With a dearth of tier-1 data in Europe today, I expect that sentiment will continue to drive market direction and that should see European stocks enjoy another positive start. As ever, the caveat on the equity rally will be if negative omicron headlines start hitting the news wires.

Currency markets content to range trade.

Currency markets showed little reaction to the Fauci omicron comments overnight, having already put the new variant behind it to focus on the upcoming FOMC meeting next week. That sentiment saw the US Dollar drift higher in a benign session, the dollar index rising 0.15% to 96.30 before falling slightly to 96.24 in Asia as currency markets continue to drift.

The Fed taper once again pushed USD/JPY higher as the US yield curve steepened once again overnight, USD/JPY rising 0.60% to 113.50, before adding another 0.20% to 113.70 in Asia. If we have indeed seen “peak omicron,” the 112.50 lows seen last week could well be the lows for the cross for the foreseeable future.

EUR/USD, GBP/USD are marking time around 1.1290 and 1.3285 with both vulnerable to a resumption of their medium-term downtrends next week if the BOE and ECB remain on hold while the FOMC speeds up tapering. AUD/USD rallied 0.40% today to 0.7080 after the RBA remained on hold but left the door slightly cracked for a faster unwinding of loose policy in the future. NZD/USD is treading water at 0.6760 with some Yen cross buying supporting both. Further gains are likely to be harder to come by if the US Dollar remains firm.
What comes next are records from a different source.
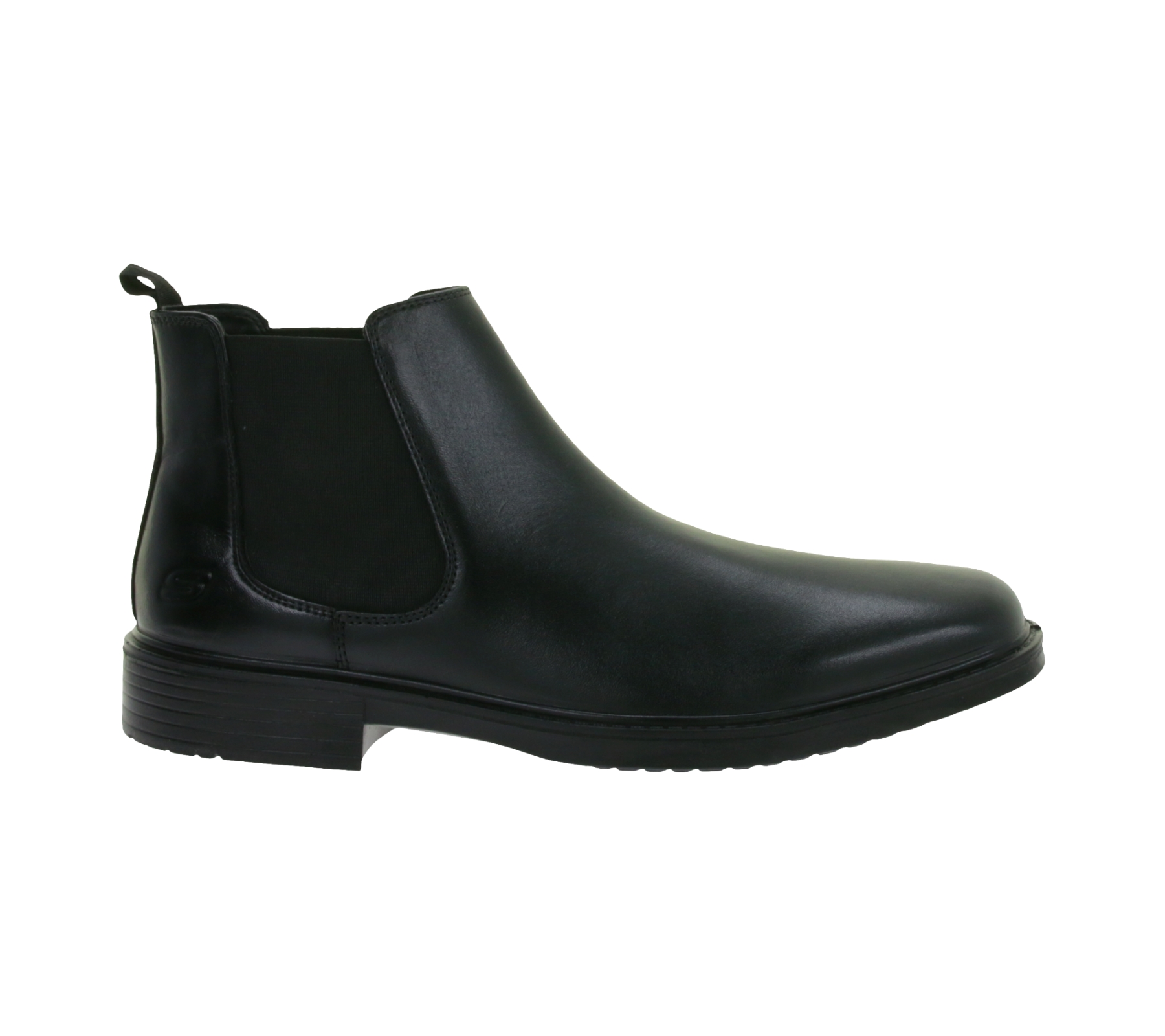 Bottines Chelsea SKECHERS Miller Boris pour homme, élégantes, en cuir véritable, avec semelle intérieure à mémoire de forme aérée (réf. 205072-BLK), couleur noire
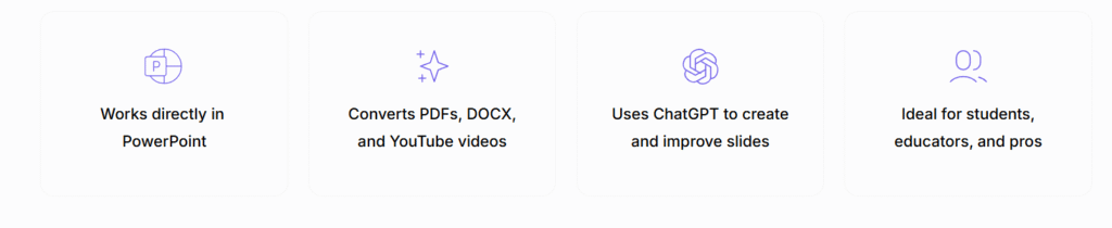 عند البحث عن أدوات الذكاء الاصطناعي لبرنامج PowerPoint، يظهر مصطلح “ChatGPT for PowerPoint” بشكل متكرر (التي تعمل تحت العلامة التجارية Twistly): وهي إضافة (Add-in) من طرف ثالث طورتها شركة APPS DO WONDERS LLC، وهي متاحة للتثبيت مباشرة من متجر إضافات Microsoft (AppSource). تمثل هذه الأداة نموذج “الحل المتخصص” (Point Solution)، حيث تركز على تقديم مجموعة غنية من الميزات بسعر منخفض، وتعمل بشكل مباشر داخل واجهة PowerPoint.
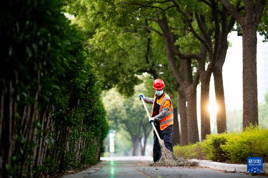 5月1日,环卫工人在江苏省泰州市海陵区海陵南路清扫街道。

The US Dollar has weakened across the board versus Asian currencies thanks to the rebound in investor sentiment on weaker omicron fears. USD/Asia is down approximately 0.15% today in a quiet session. Looking ahead, as the market swings back to pricing in a fast Fed-taper and earlier rate hike life off, the rally by Asian currencies is likely to stall and reverse into next week.

Oil surges on lower omicron concerns.

The Fauci comments overnight saw more fast money returning to the long oil trade as markets started pricing a resumption of the global recovery and higher oil consumption. Brent crude leapt 5.40% higher to $73.65 a barrel, while WTI jumped 5.45% higher to $70.00 a barrel. In Asia, Brent has added 0.55% to $74.05, and WTI has added 0.90% to $70.65 a barrel.

Both contracts have quite a bit more upside potential, assuming the mild omicron reality is correct. The technical indicators are neutral but most especially, despite OPEC+ raising production quotas once again this month, the grouping continues to struggle to even meet its previously outlined increases. Virus volatility aside, that and OPEC+’s optionality over immediately changing the targets from the last meeting, which remains officially open, should provide a healthy modicum of support on any material pullbacks. Oil will be immune to a more hawkish FOMC next week.

Both contracts have recovered above their respective 100-day moving averages and if investor sentiment remains positive Brent crude can retest $76.00 and WTI $73.00 before the end of the week. I continue to believe that the lows of last week could well be the lows for the next year.

Gold remains marooned

Gold had another directionless session as it remains forgotten by the investor community, particularly those bullish traders who have been so badly whipsawed over the last month.  Gold drifted 0.30% lower to $1778.50 an ounce overnight as US yield firmed, only to reverse that in Asia, rising 0.20% to $1782.50 an ounce.

In the bigger picture, gold looks set to trade in a rough $1770.00 to $1800.00 an ounce range this week, unable to sustain momentum above or below those levels. The 50,100 and 200-day moving averages (DMAs), clustered between $1791.00 and $1793.50 provides immediate resistance, followed by $1800.00. Support lies at $1770.00 and $1760.00.

Gold could still stage a modest recovery this week, but if the US yield curve continues steepening, that may never eventuate, especially if US CPI data on Friday is likely to print around 7.0%. Gold remains a sell on rallies to $1810.00. The balance of risks still favours a move lower towards $1720.00 an ounce.